Could you give the data that follows again exactly, without its pictures?

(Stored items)
Content starts
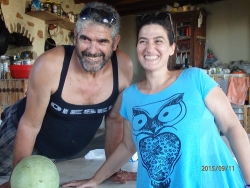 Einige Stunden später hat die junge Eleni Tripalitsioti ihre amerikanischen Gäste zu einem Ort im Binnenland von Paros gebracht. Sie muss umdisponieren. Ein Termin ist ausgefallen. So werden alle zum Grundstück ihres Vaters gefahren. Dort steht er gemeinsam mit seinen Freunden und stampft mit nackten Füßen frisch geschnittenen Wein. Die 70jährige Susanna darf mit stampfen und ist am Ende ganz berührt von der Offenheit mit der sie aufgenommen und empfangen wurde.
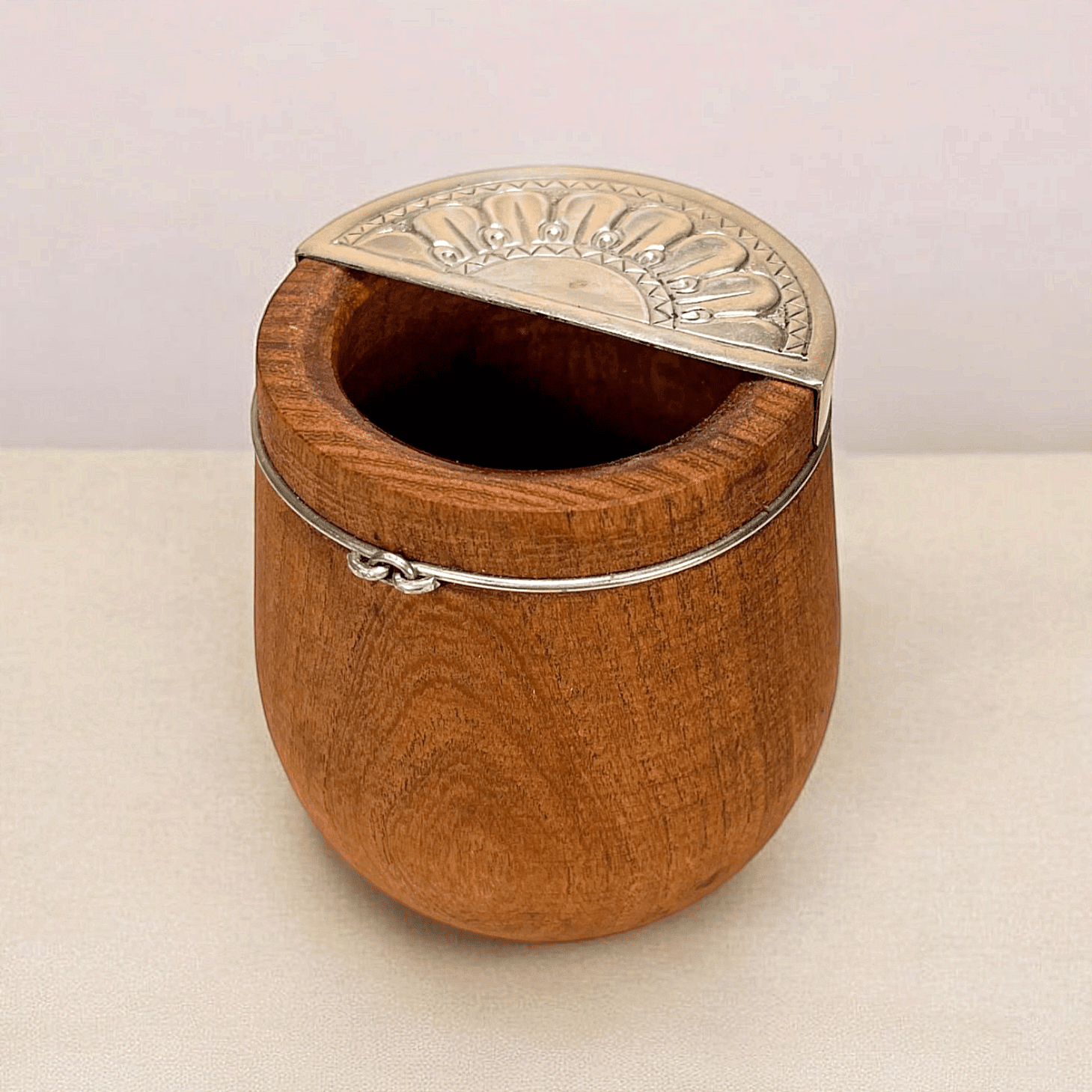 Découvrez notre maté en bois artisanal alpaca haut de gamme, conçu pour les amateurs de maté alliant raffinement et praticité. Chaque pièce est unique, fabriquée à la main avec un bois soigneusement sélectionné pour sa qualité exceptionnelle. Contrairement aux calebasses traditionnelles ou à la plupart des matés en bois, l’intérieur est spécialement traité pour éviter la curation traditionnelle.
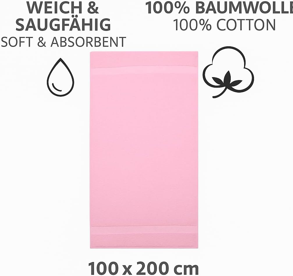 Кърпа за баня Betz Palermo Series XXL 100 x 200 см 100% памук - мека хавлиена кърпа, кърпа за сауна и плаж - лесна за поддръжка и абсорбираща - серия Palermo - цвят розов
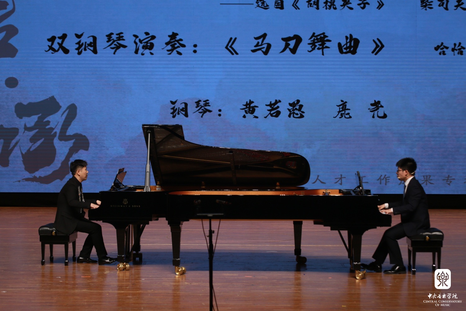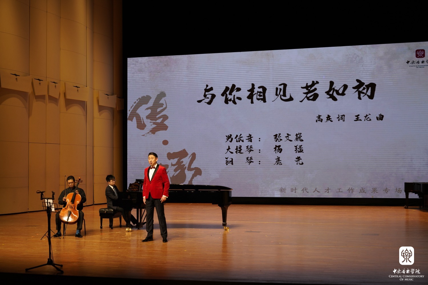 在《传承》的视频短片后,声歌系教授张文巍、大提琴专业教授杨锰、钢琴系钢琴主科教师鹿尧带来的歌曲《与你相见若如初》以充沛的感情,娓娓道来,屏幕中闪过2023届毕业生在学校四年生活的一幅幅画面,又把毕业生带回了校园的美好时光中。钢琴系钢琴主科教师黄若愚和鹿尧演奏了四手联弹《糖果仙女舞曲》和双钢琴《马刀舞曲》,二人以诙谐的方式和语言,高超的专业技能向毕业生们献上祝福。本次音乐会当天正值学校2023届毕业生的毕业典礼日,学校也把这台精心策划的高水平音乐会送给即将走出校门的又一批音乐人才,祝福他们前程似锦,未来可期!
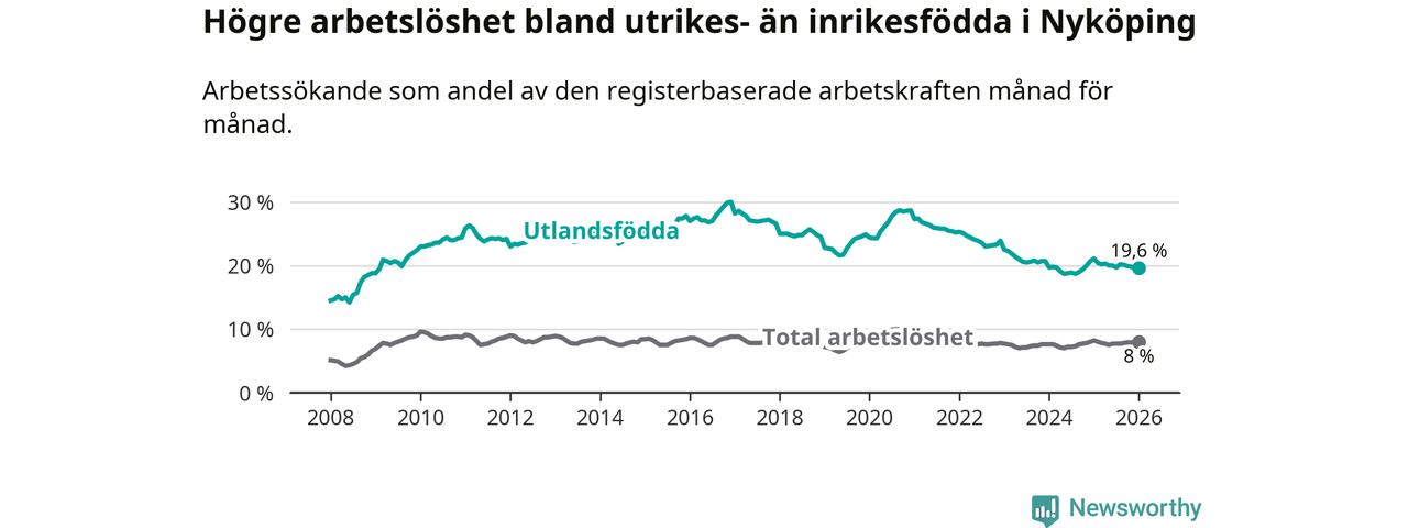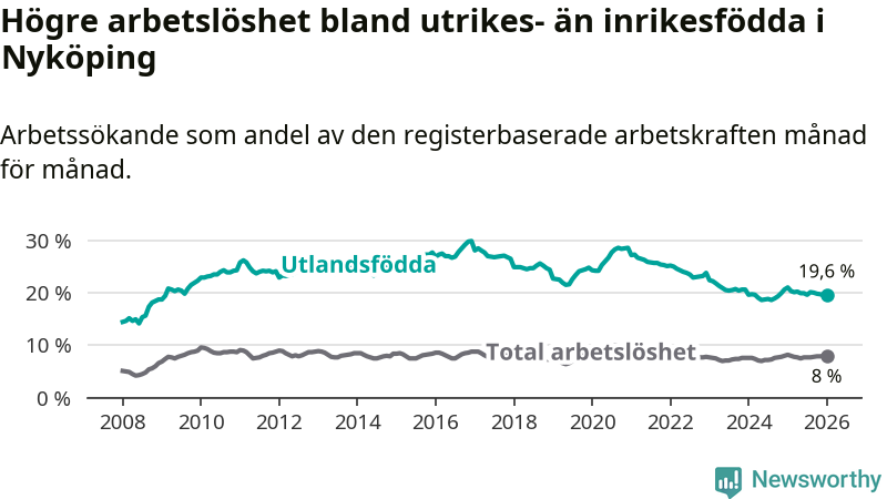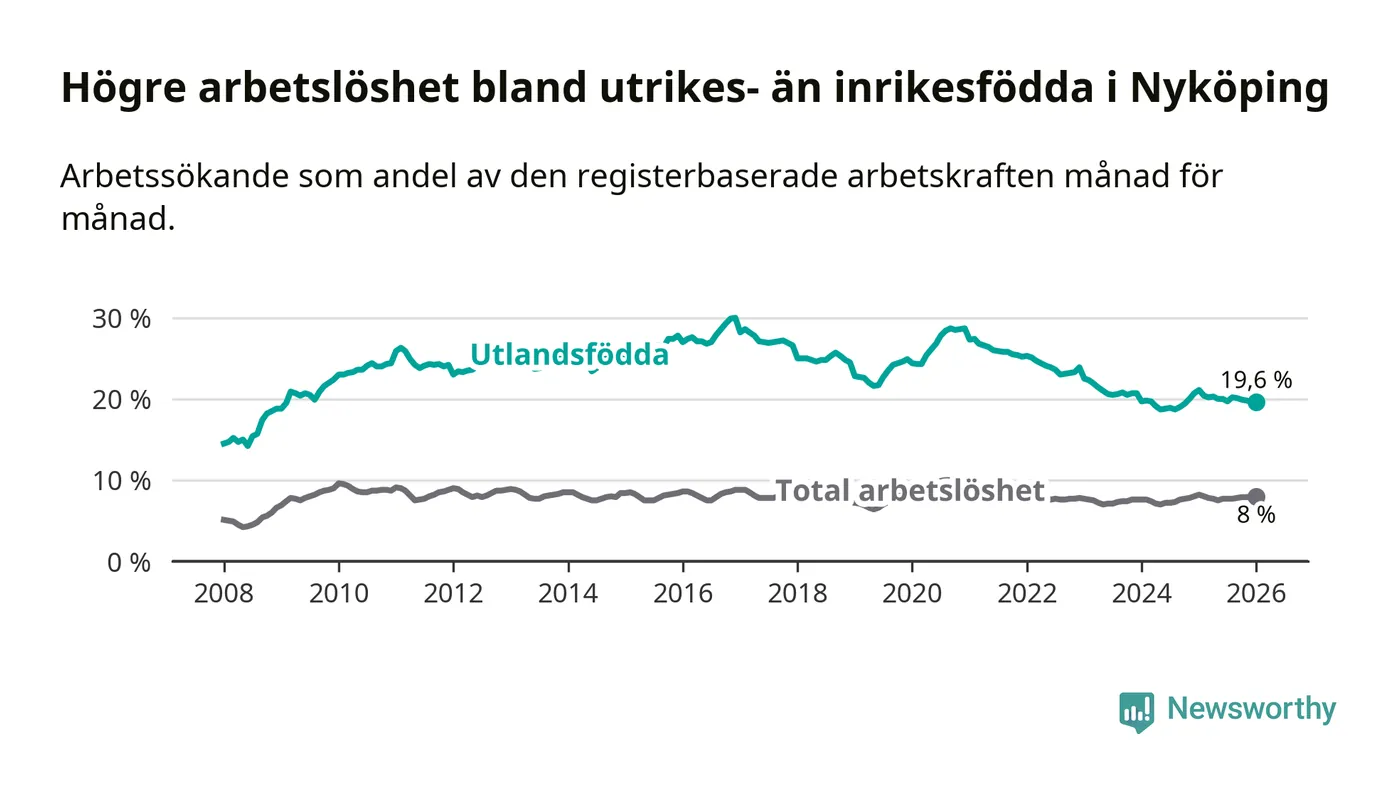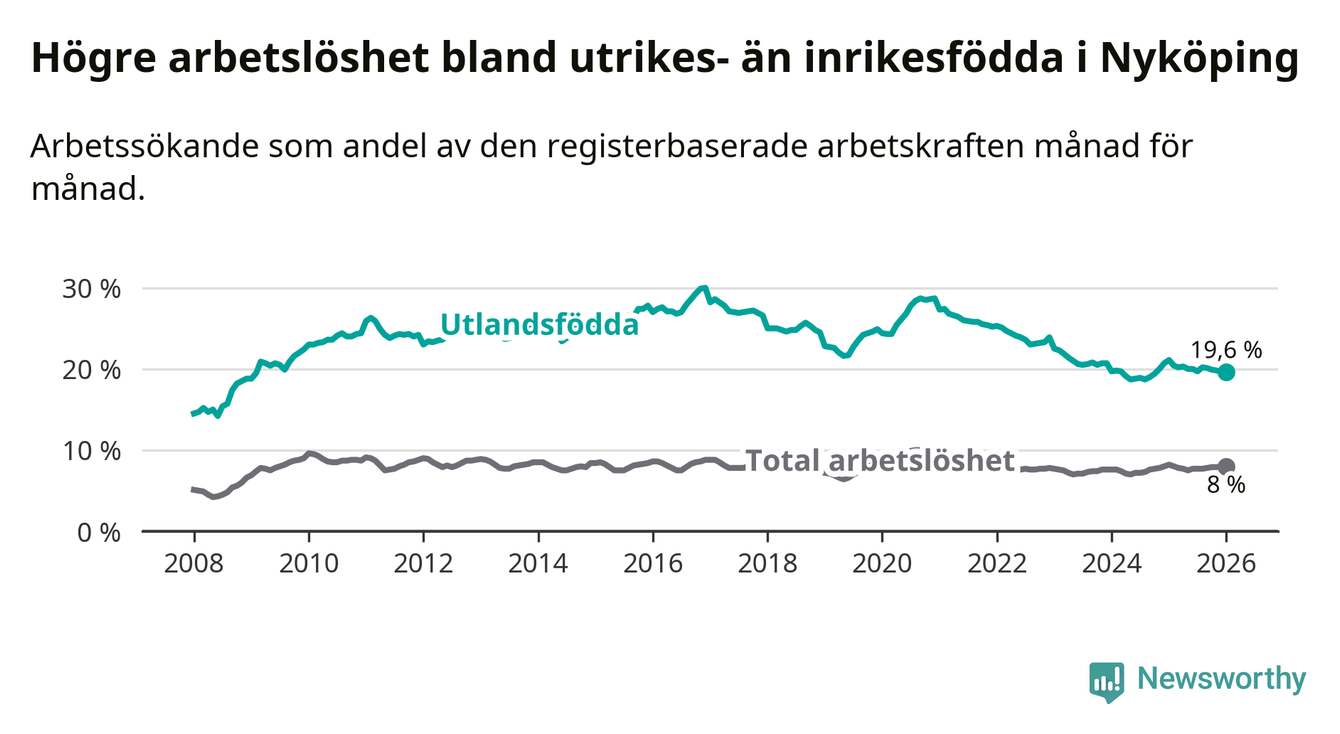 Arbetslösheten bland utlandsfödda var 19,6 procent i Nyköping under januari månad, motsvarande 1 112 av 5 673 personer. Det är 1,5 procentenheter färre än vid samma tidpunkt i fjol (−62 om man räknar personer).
Content ends
* Response to this exercise
 Einige Stunden später hat die junge Eleni Tripalitsioti ihre amerikanischen Gäste zu einem Ort im Binnenland von Paros gebracht. Sie muss umdisponieren. Ein Termin ist ausgefallen. So werden alle zum Grundstück ihres Vaters gefahren. Dort steht er gemeinsam mit seinen Freunden und stampft mit nackten Füßen frisch geschnittenen Wein. Die 70jährige Susanna darf mit stampfen und ist am Ende ganz berührt von der Offenheit mit der sie aufgenommen und empfangen wurde.
 Découvrez notre maté en bois artisanal alpaca haut de gamme, conçu pour les amateurs de maté alliant raffinement et praticité. Chaque pièce est unique, fabriquée à la main avec un bois soigneusement sélectionné pour sa qualité exceptionnelle. Contrairement aux calebasses traditionnelles ou à la plupart des matés en bois, l’intérieur est spécialement traité pour éviter la curation traditionnelle.
 Кърпа за баня Betz Palermo Series XXL 100 x 200 см 100% памук - мека хавлиена кърпа, кърпа за сауна и плаж - лесна за поддръжка и абсорбираща - серия Palermo - цвят розов
 在《传承》的视频短片后,声歌系教授张文巍、大提琴专业教授杨锰、钢琴系钢琴主科教师鹿尧带来的歌曲《与你相见若如初》以充沛的感情,娓娓道来,屏幕中闪过2023届毕业生在学校四年生活的一幅幅画面,又把毕业生带回了校园的美好时光中。钢琴系钢琴主科教师黄若愚和鹿尧演奏了四手联弹《糖果仙女舞曲》和双钢琴《马刀舞曲》,二人以诙谐的方式和语言,高超的专业技能向毕业生们献上祝福。本次音乐会当天正值学校2023届毕业生的毕业典礼日,学校也把这台精心策划的高水平音乐会送给即将走出校门的又一批音乐人才,祝福他们前程似锦,未来可期!
 Arbetslösheten bland utlandsfödda var 19,6 procent i Nyköping under januari månad, motsvarande 1 112 av 5 673 personer. Det är 1,5 procentenheter färre än vid samma tidpunkt i fjol (−62 om man räknar personer).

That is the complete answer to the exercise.